Complex workflows often involve multiple fanout phases:

@env.task
async def multi_phase_workflow(data_size: int) -> List[int]:
    # First phase: data preprocessing
    preprocessed = []
    for i in range(data_size):
        preprocessed.append(preprocess_task(i))
    phase1_results = await asyncio.gather(*preprocessed)

    # Second phase: main processing
    processed = []
    for result in phase1_results:
        processed.append(process_task(result))
    phase2_results = await asyncio.gather(*processed)

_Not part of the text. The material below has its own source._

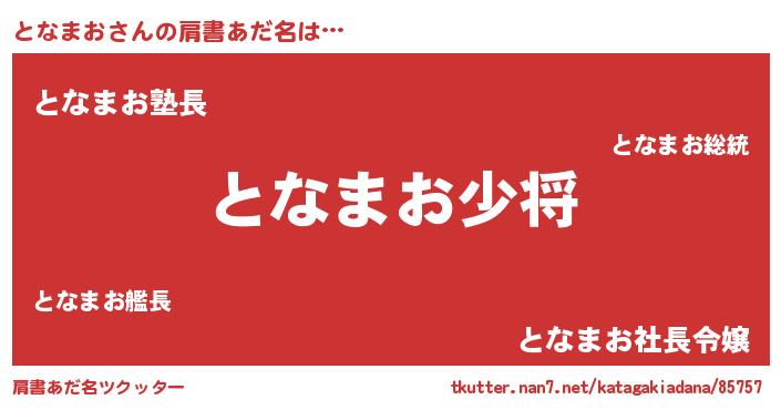 | 男性向けラノベタイトル風あだ名 | 『転生したらとなまおだった件』 |

    # Third phase: postprocessing
    postprocessed = []
    for result in phase2_results:
        postprocessed.append(postprocess_task(result))
    final_results = await asyncio.gather(*postprocessed)

    return final_results

Best practices for fanout

  1. Use appropriate parallelism: Balance between parallelism and resource constraints

    # For very large fanouts, consider batching
    batch_size = 100
    for i in range(0, total_items, batch_size):
        batch = items[i:i + batch_size]
        batch_results = []
        for item in batch:
            batch_results.append(process_task(item))
        await asyncio.gather(*batch_results)
  2. Handle errors gracefully: Use error handling strategies for large fanouts

    # Use return_exceptions=True to handle failures gracefully
    results = await asyncio.gather(*tasks, return_exceptions=True)
    for i, result in enumerate(results):
        if isinstance(result, Exception):
            logger.error(f"Task {i} failed: {result}")
  3. Consider memory usage: Large fanouts can consume significant memory

    # Process in chunks to manage memory
    chunk_size = 1000
    all_results = []
    for chunk_start in range(0, total_size, chunk_size):
        chunk_tasks = []
        for i in range(chunk_start, min(chunk_start + chunk_size, total_size)):
            chunk_tasks.append(my_task(i))
        chunk_results = await asyncio.gather(*chunk_tasks)
        all_results.extend(chunk_results)

When to use fanout

Fanout patterns are particularly valuable for:

  • Large-scale data processing: Processing datasets with thousands of items
  • Hyperparameter optimization: Training multiple models with different parameters
  • A/B testing: Running multiple experimental conditions in parallel
  • Batch inference: Making predictions on large datasets
  • ETL operations: Extracting and transforming data from multiple sources
  • Monte Carlo simulations: Running many independent simulation runs

Organizing large fanouts

For very large fanouts with hundreds or thousands of parallel tasks, consider using groups to organize the UI display and make workflows easier to understand and debug.

Fanout is a fundamental pattern in Flyte that enables you to scale your workflows to handle large-scale parallel processing efficiently.